Assignment ▸ What you return must be the exact lines of the material below, from the first through the one that has "Známé vídeňské scenerie", with no pictures and, please, nothing else.

Recorded information ▸

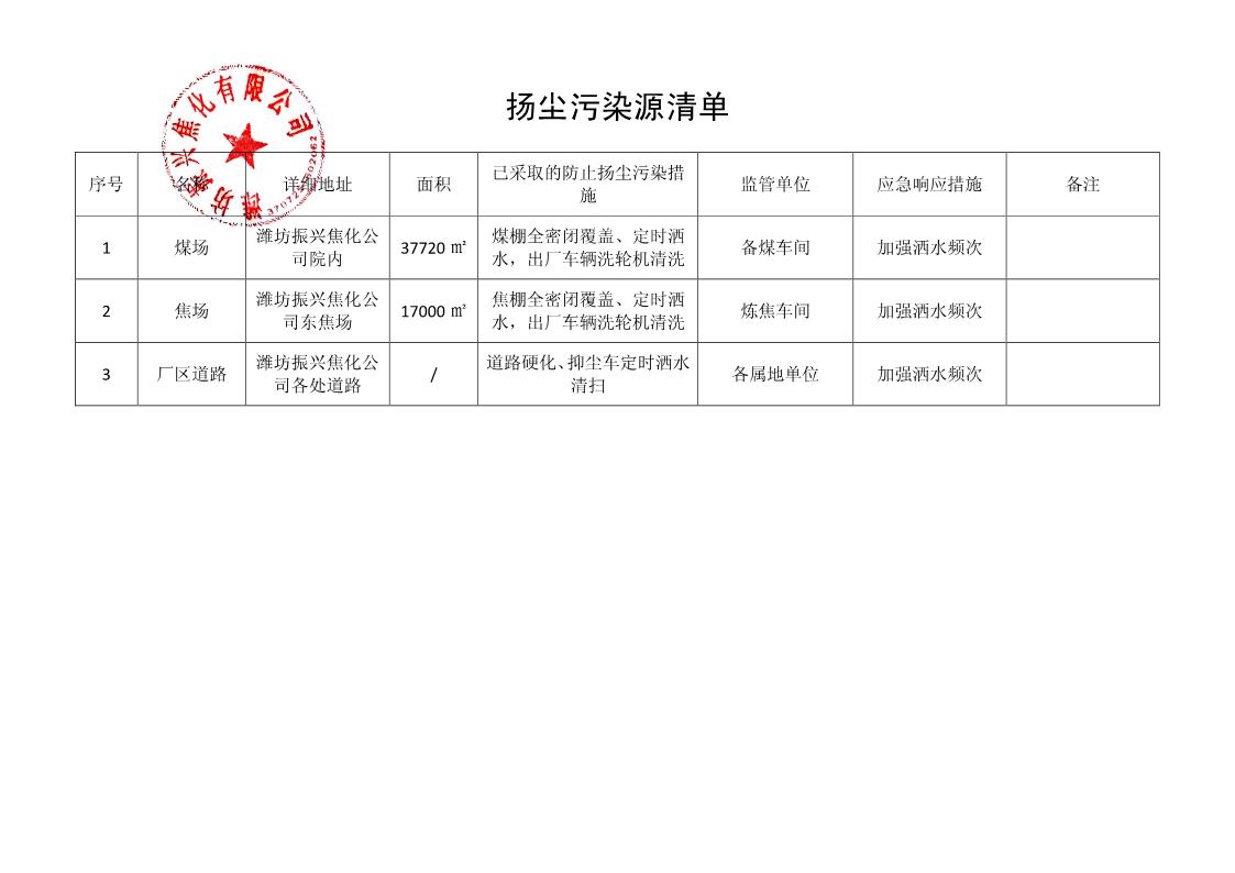 濰坊振興焦化有限公司揚(yáng)塵污染源清單
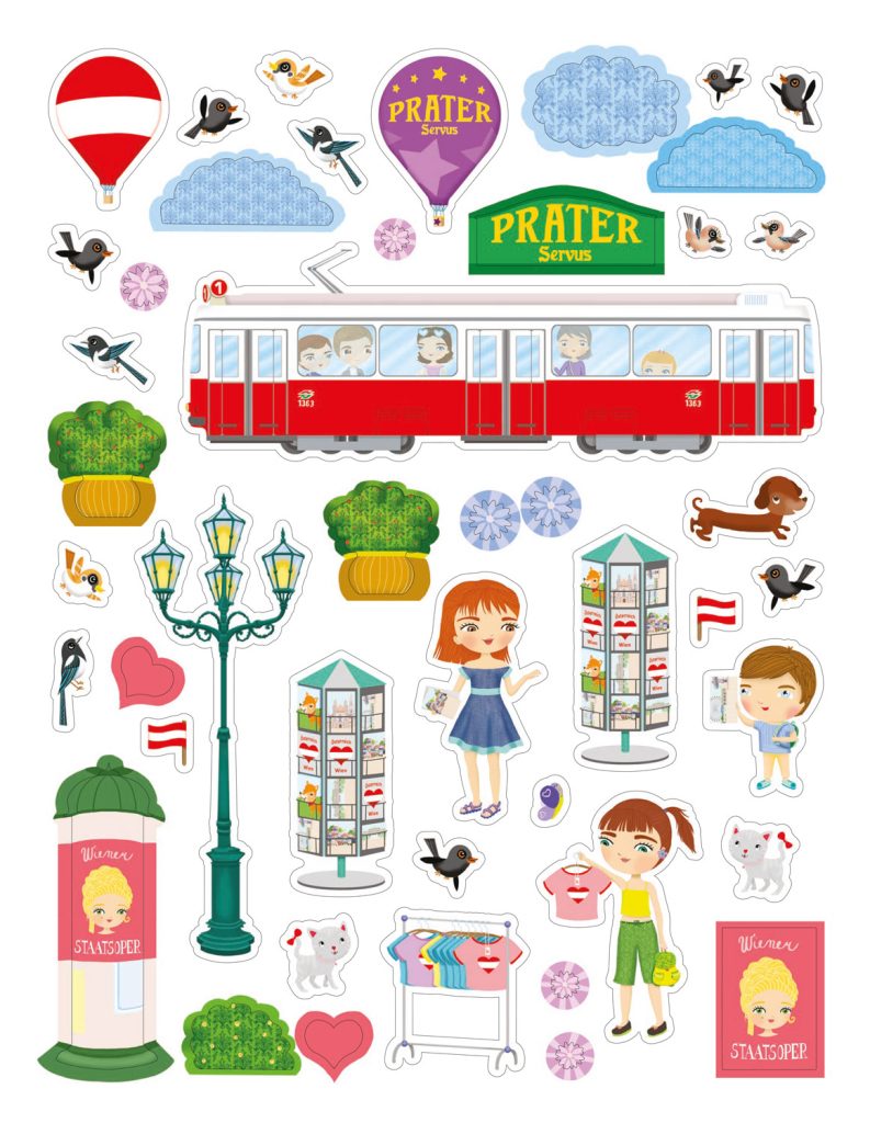 Známé vídeňské scenerie mohou doplňovat spoustou krásných samolepek podle vlastní fantazie a v knížce najdou také mnoho zajímavých informací o zdejších památkách, ale také třeba o obyvatelích této země.
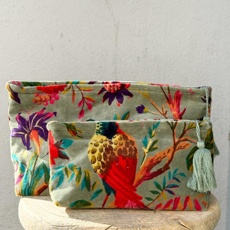 Denne fine toilettaske fra Annavii er håndlavet i Indien af velour med et fint mønster af blomster og fugle. Toilettasken har en fin dusk i lynlåsen og har blot et stort rum.
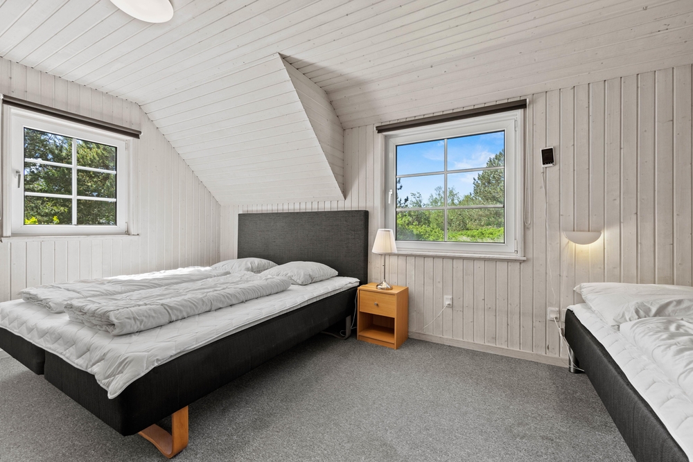 Im Ferienhaus findet ihr 4 gute Schlafzimmer mit Pakettböden und einen Schlafboden oben unter der Dachschräge. In den komfortablen Betten könnt ihr ausgiebig schlafen und regenerieren, bevor der nächste Urlaubstag startet.

Exercise response ▸
 濰坊振興焦化有限公司揚(yáng)塵污染源清單
 Známé vídeňské scenerie mohou doplňovat spoustou krásných samolepek podle vlastní fantazie a v knížce najdou také mnoho zajímavých informací o zdejších památkách, ale také třeba o obyvatelích této země.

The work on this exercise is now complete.